--- DATA EXTRACTS ---

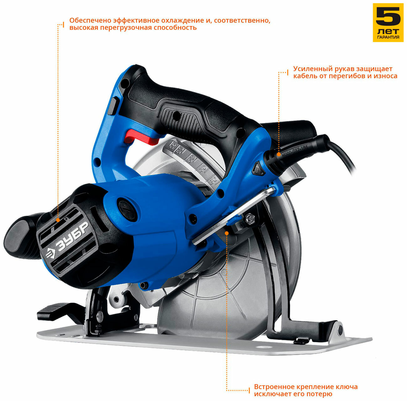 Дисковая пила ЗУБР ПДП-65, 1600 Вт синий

---
--- DATA EXTRACTS ---

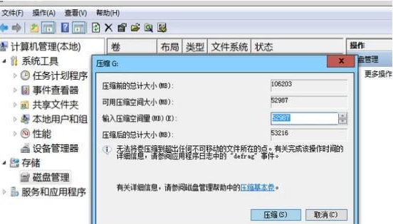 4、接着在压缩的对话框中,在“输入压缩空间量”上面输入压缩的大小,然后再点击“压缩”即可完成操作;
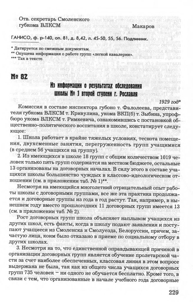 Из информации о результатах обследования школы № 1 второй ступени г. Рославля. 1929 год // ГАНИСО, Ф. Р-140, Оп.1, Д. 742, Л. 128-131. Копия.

---

◆ WHAT YOU SHOULD DO ◆
Exercise for the records above: copy only the lines from the one with "4、接着在压缩的对话框中,在" to the one with "Из информации о", both ends kept, and drop the pictures.

◆ EXERCISE ANSWER ◆
 4、接着在压缩的对话框中,在“输入压缩空间量”上面输入压缩的大小,然后再点击“压缩”即可完成操作;
 Из информации о результатах обследования школы № 1 второй ступени г. Рославля. 1929 год // ГАНИСО, Ф. Р-140, Оп.1, Д. 742, Л. 128-131. Копия.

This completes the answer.